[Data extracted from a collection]
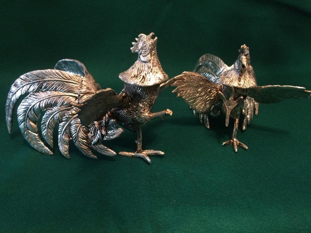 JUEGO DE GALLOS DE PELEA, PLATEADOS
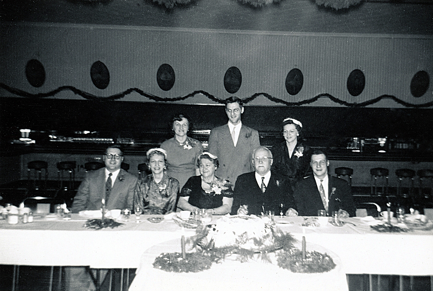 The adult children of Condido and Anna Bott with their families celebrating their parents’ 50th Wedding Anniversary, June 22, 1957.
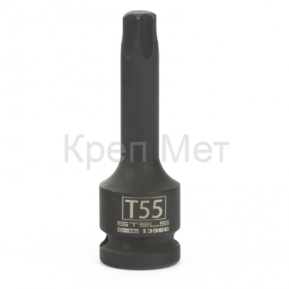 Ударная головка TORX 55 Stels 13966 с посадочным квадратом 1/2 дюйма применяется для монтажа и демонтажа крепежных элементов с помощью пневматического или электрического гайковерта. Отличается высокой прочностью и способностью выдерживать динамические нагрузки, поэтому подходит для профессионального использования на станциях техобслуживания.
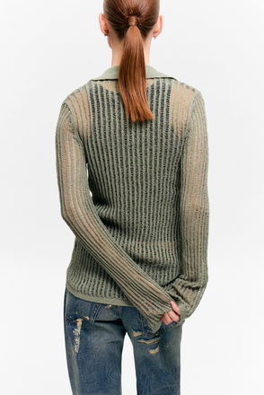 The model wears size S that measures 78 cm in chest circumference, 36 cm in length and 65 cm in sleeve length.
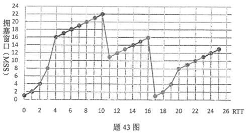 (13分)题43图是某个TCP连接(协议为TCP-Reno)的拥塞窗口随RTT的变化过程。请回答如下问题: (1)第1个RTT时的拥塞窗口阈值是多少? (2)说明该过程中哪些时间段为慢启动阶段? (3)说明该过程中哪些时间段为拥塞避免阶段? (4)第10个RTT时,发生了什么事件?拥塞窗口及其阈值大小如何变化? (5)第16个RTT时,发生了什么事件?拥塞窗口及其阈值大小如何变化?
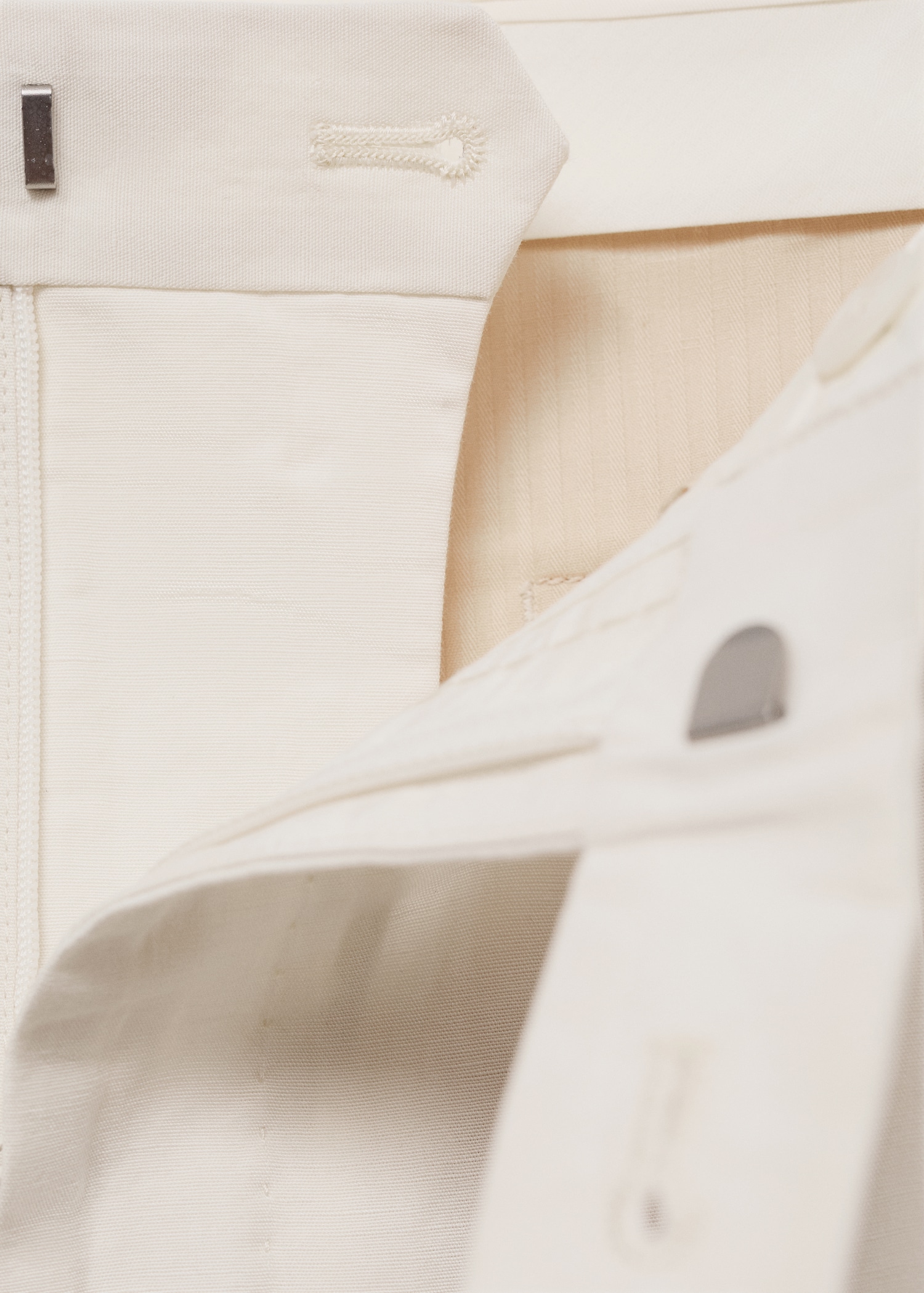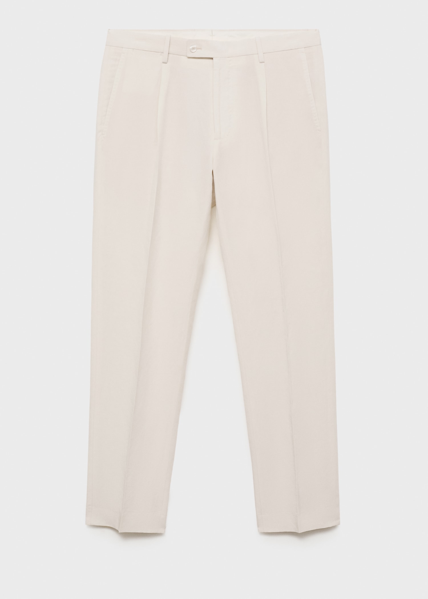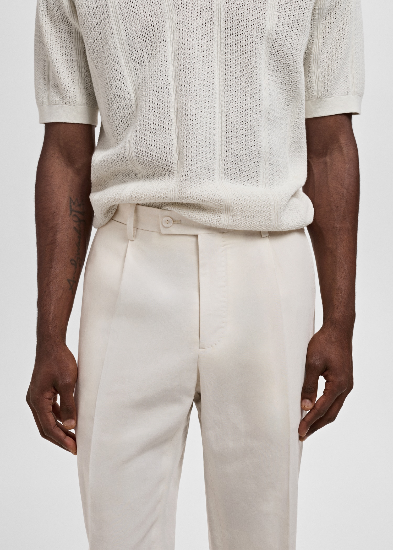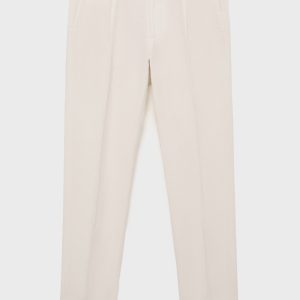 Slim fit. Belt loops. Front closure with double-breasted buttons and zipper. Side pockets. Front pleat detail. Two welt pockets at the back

> **Work instructions**:
Set down all the data again exactly as above, pictures excluded.

> **Answer space**:
 JUEGO DE GALLOS DE PELEA, PLATEADOS
 The adult children of Condido and Anna Bott with their families celebrating their parents’ 50th Wedding Anniversary, June 22, 1957.
 Ударная головка TORX 55 Stels 13966 с посадочным квадратом 1/2 дюйма применяется для монтажа и демонтажа крепежных элементов с помощью пневматического или электрического гайковерта. Отличается высокой прочностью и способностью выдерживать динамические нагрузки, поэтому подходит для профессионального использования на станциях техобслуживания.
 The model wears size S that measures 78 cm in chest circumference, 36 cm in length and 65 cm in sleeve length.
 (13分)题43图是某个TCP连接(协议为TCP-Reno)的拥塞窗口随RTT的变化过程。请回答如下问题: (1)第1个RTT时的拥塞窗口阈值是多少? (2)说明该过程中哪些时间段为慢启动阶段? (3)说明该过程中哪些时间段为拥塞避免阶段? (4)第10个RTT时,发生了什么事件?拥塞窗口及其阈值大小如何变化? (5)第16个RTT时,发生了什么事件?拥塞窗口及其阈值大小如何变化?
 Slim fit. Belt loops. Front closure with double-breasted buttons and zipper. Side pockets. Front pleat detail. Two welt pockets at the back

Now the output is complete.